--- Directions for this task ---
With the images removed, return every line below exactly as it reads.

--- Supplied information ---
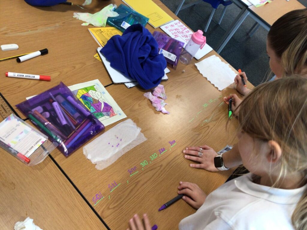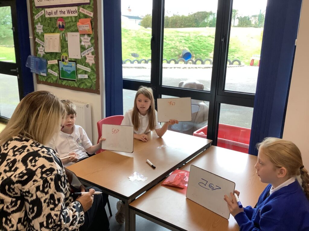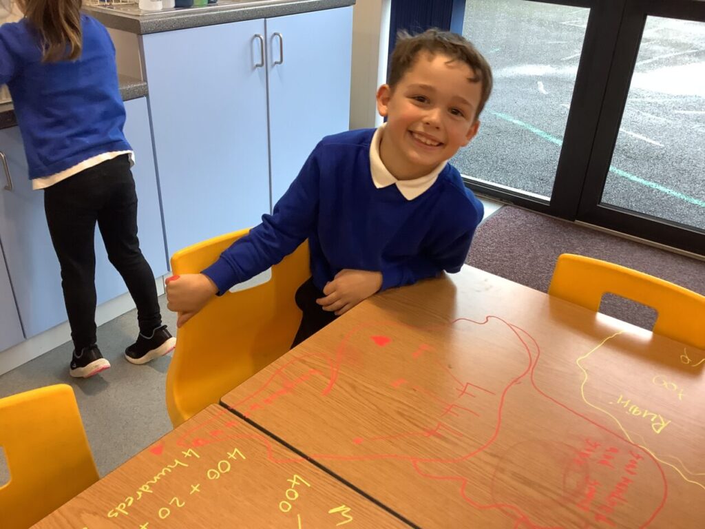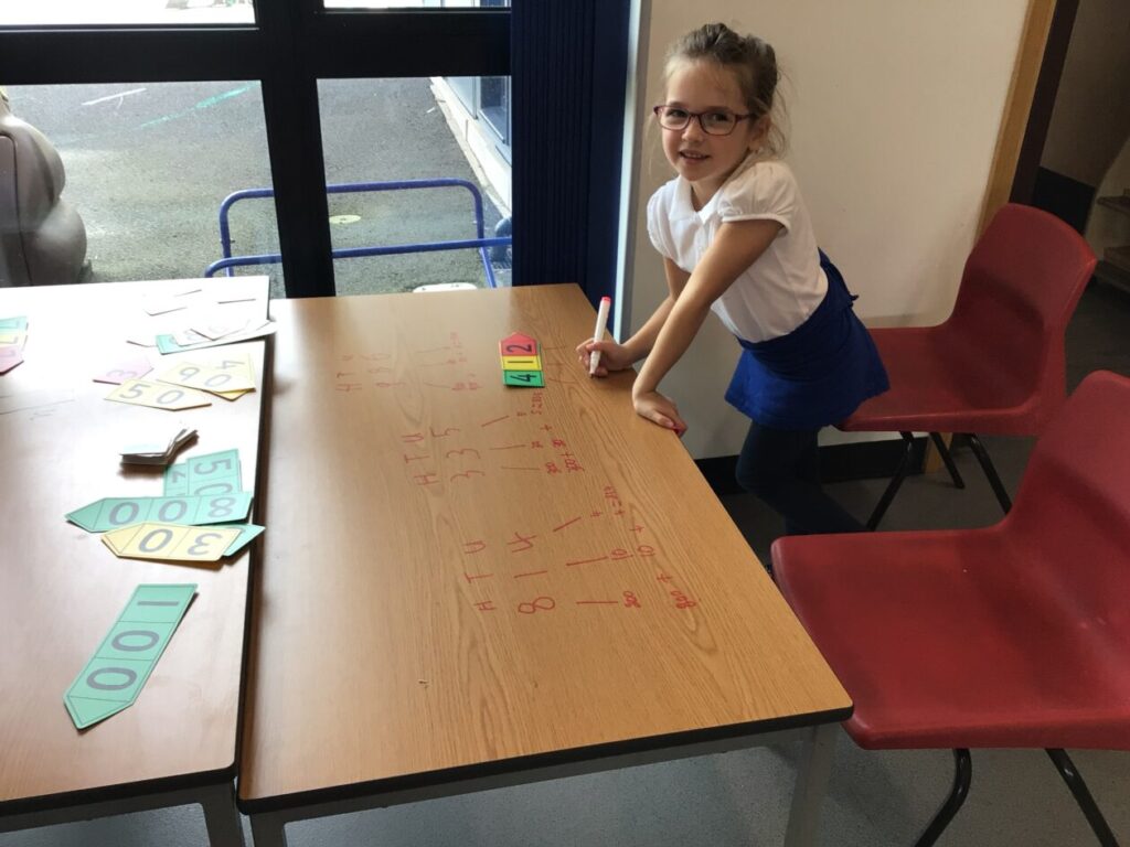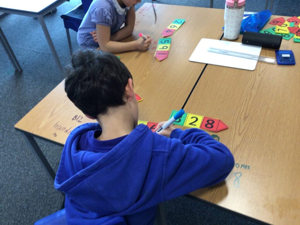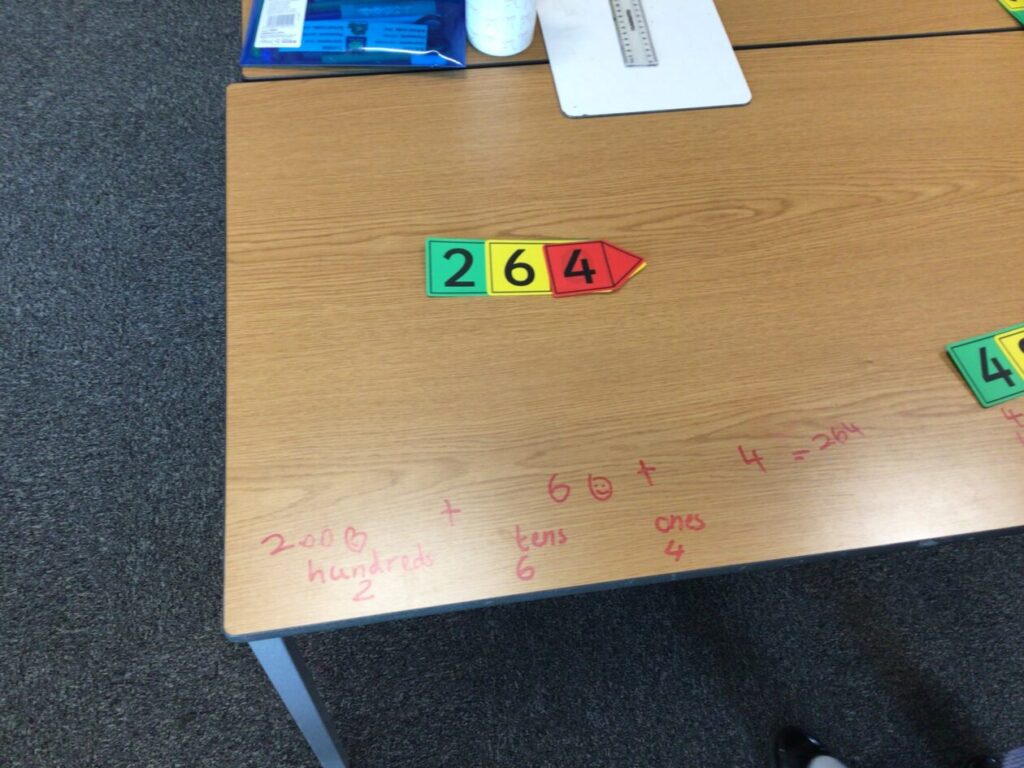 This maths group were doing some place value. They had to split up the number into hundreds, tens and ones. They got to write on the table with special pens. – Asa
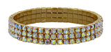 #11949ABG - 3 Row Stretch Rhinestone Bracelet - AB Gold
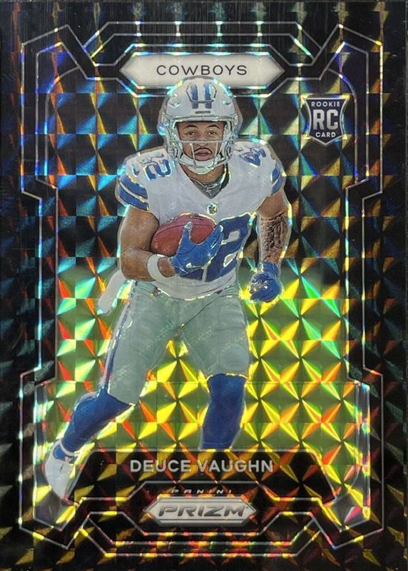 This card is 1 of 83 Deuce Vaughn's card variations in the 2023 Prizm set being tracked by Sports Card Investor, including Base, Disco, Green, Green Ice, and Green Wave.

--- Answer space ---
 This maths group were doing some place value. They had to split up the number into hundreds, tens and ones. They got to write on the table with special pens. – Asa
 #11949ABG - 3 Row Stretch Rhinestone Bracelet - AB Gold
 This card is 1 of 83 Deuce Vaughn's card variations in the 2023 Prizm set being tracked by Sports Card Investor, including Base, Disco, Green, Green Ice, and Green Wave.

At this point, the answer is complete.